Bellman Update and Synthetic Data in Q-Transformer

Notes on Q-learning, temporal difference, Monte Carlo, and others methods related to Q-Transformer.
Bellman Update and Synthetic Data in Q-Transformer
Bellman Update and Synthetic Data in Q-Transformer

Here are my notes on Q-learning and Q-transformer. Take it with grain of salt, as I am new in this area.

The Q-transformer is important paper, because it describes successful application of suboptimal synthetic (autonomously collected) data and transformer architecture in a robotic reinforcement learning problem.

Before Q-transformer let’s first talk about a bigger topic: Bellman Update in Reinforcement Learning.

States, Actions, and Rewards

Let’s suppose we have a game with game states and actions we can take (a finite-state Markov decision process (MDP)). For example, in chess this is a state of the chessboard and actions are allowed moves we can make. Or even simpler example is below, where we have just a single state, single possible action, and single reward for that action.

flowchart TD State1 -- "Action1 with reward=1" --> State1

In this diagram if we keep looping, we will keep stacking rewards. If we discount future rewards with 0.5 discount factor the total reward will be 2, so value of the state is 2.

More interesting examples is where we have 2 possible actions:

flowchart TD State1 -- reward=1 --> State1 State1 -- reward=0.1 --> State1

In this case, we if we’re making the right decision, we still get reward 2, so the value of the state is still 2.

Bellman Equation

The Principle of Optimality means that for the best decision maker (policy), no matter where you start or what your first step is, the next steps should always form the best plan for the situation after that first step.

This principle is captured by the Bellman Equation, which is a necessary condition for optimality.

# Bellman Equation
value(current_state) == (
  reward(current_state, the_best_action)
  + discount * value(the_best_next_state)

Bellman Update and Q-function

We can apply the principle above to refine our decision-making, which using is Bellman Update in Value Iteration method. We do that by converting the equation into an update rule and iterate until we reach the best solution.

To do that we can brute-force exhaustively explore all actions at all states across paths. Always updating corresponding value function values with the action that leads along the path that leads to the highest reward. We brute-force the solution because we have no model of the environment, we only evaluate the best options.

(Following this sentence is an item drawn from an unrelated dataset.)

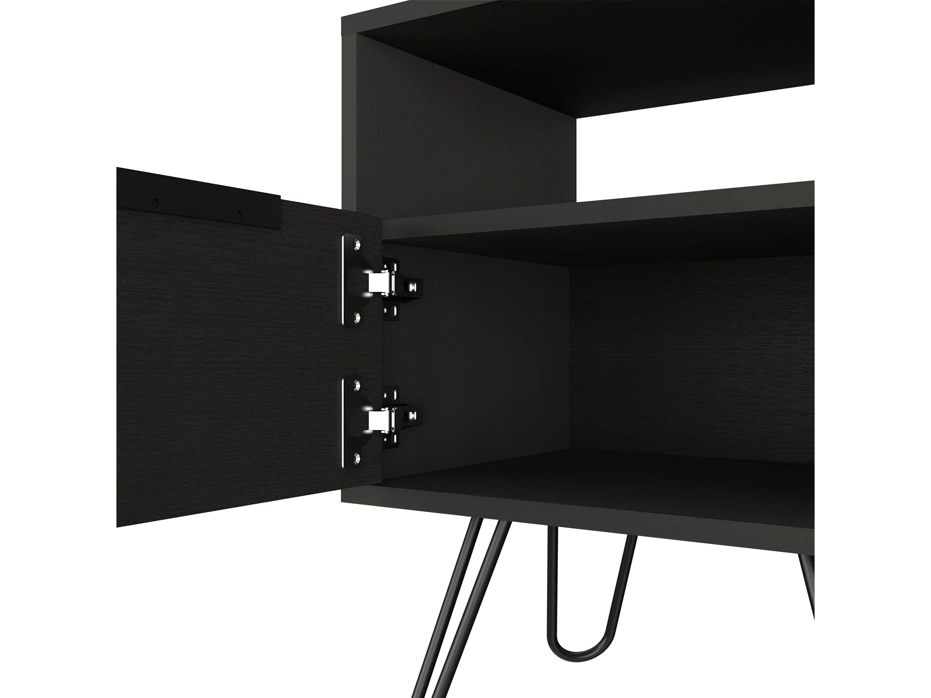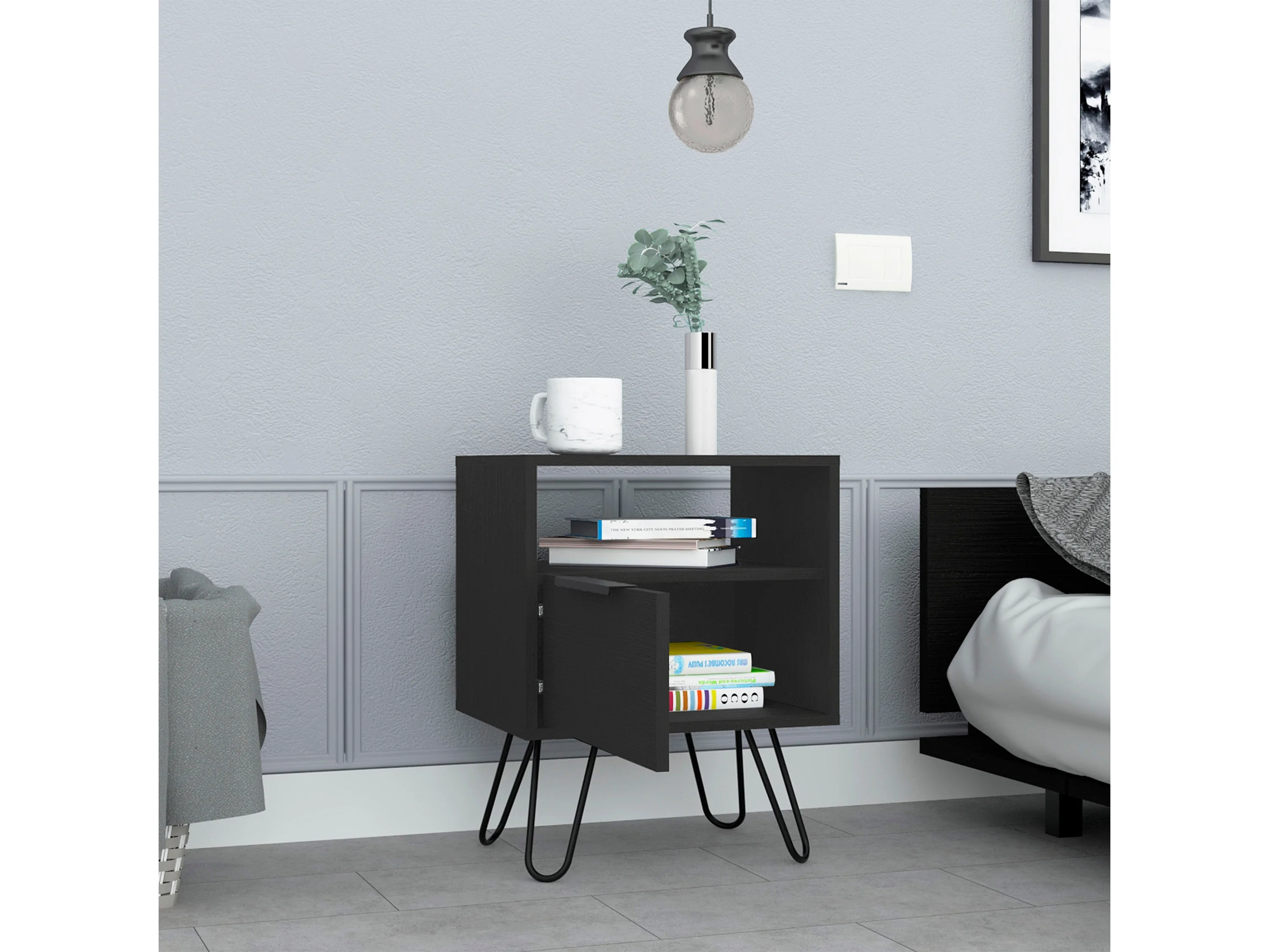 Comodino Augusta in melaminico con 2 ripiani e 1 mobile inferiore, nero, 56.4 cm X 45 cm X 34.8 cm

Since we are brute-forcing the solution evaluating everything without a model of the environment, we can describe the value function as an array or python dictionary:

# Bellman Equation
value[current_state] == (
  reward[current_state, the_best_action]
  + discount * value[the_best_next_state]

Instead of a value function, it is easier to work with a Q-function:

# Bellman Equation with q_function
q_function[current_state, the_best_action] = (
  reward[current_state, the_best_action]
  + discount * max(
    q_function[the_best_next_state, the_next_action]
    for the_next_action actions[the_best_next_state]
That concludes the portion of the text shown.